### Input data

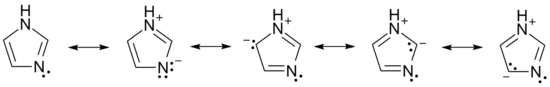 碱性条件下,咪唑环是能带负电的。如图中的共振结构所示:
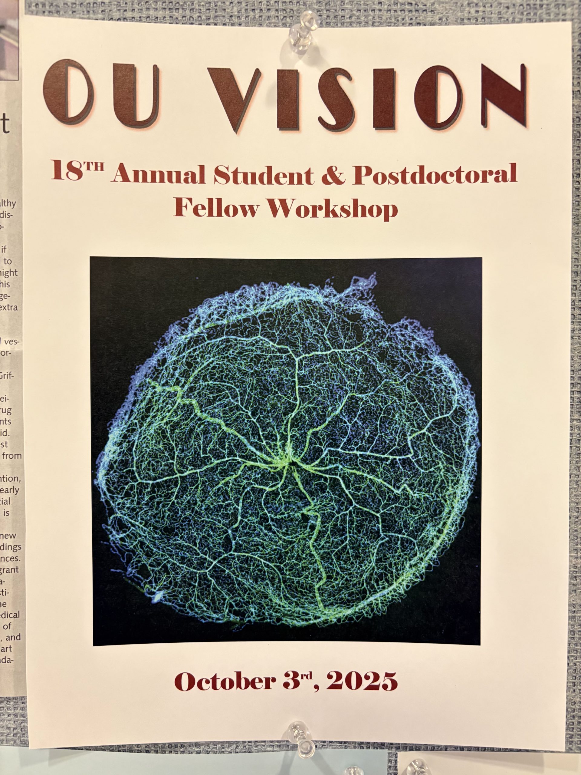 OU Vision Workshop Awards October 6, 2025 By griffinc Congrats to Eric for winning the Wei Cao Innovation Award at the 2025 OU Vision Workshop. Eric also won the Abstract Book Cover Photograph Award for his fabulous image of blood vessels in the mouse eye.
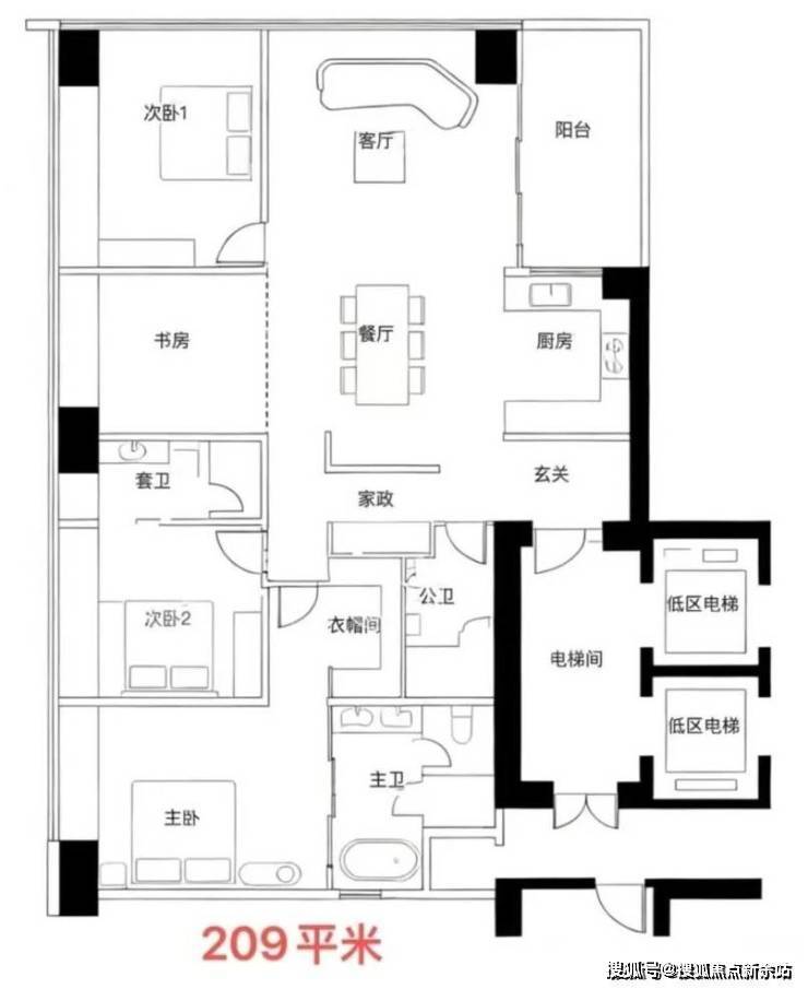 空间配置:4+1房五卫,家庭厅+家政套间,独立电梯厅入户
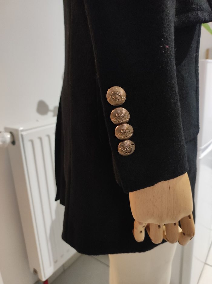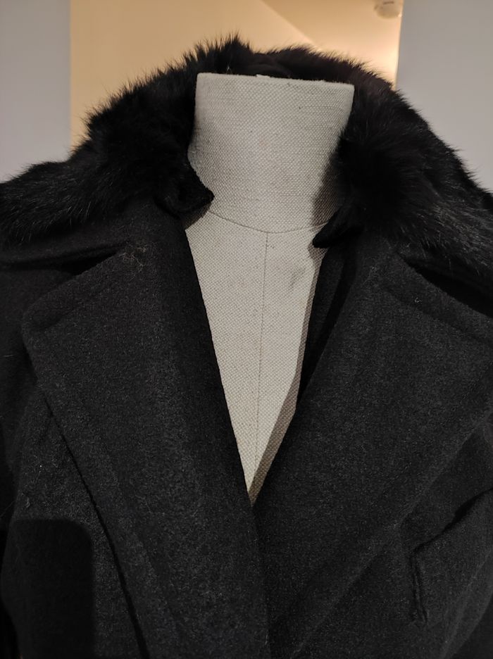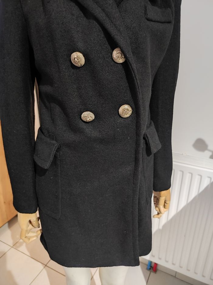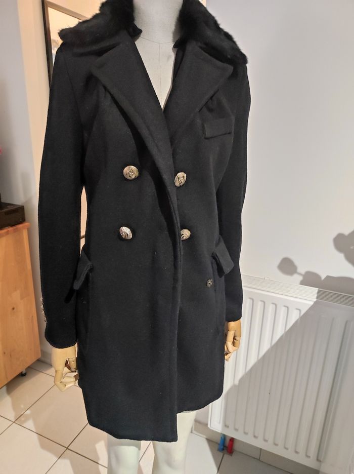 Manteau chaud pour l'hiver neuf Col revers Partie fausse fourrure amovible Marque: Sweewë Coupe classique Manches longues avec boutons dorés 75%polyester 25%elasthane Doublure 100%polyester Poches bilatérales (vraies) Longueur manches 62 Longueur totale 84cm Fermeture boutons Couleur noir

### Brief
Pictures in the material above should be skipped; print exactly the lines from the one with "OU Vision Workshop Awards" through the one with "空间配置:4+1房五卫,家庭厅+家政套间,独立电梯厅入户".

### Exercise response
 OU Vision Workshop Awards October 6, 2025 By griffinc Congrats to Eric for winning the Wei Cao Innovation Award at the 2025 OU Vision Workshop. Eric also won the Abstract Book Cover Photograph Award for his fabulous image of blood vessels in the mouse eye.
 空间配置:4+1房五卫,家庭厅+家政套间,独立电梯厅入户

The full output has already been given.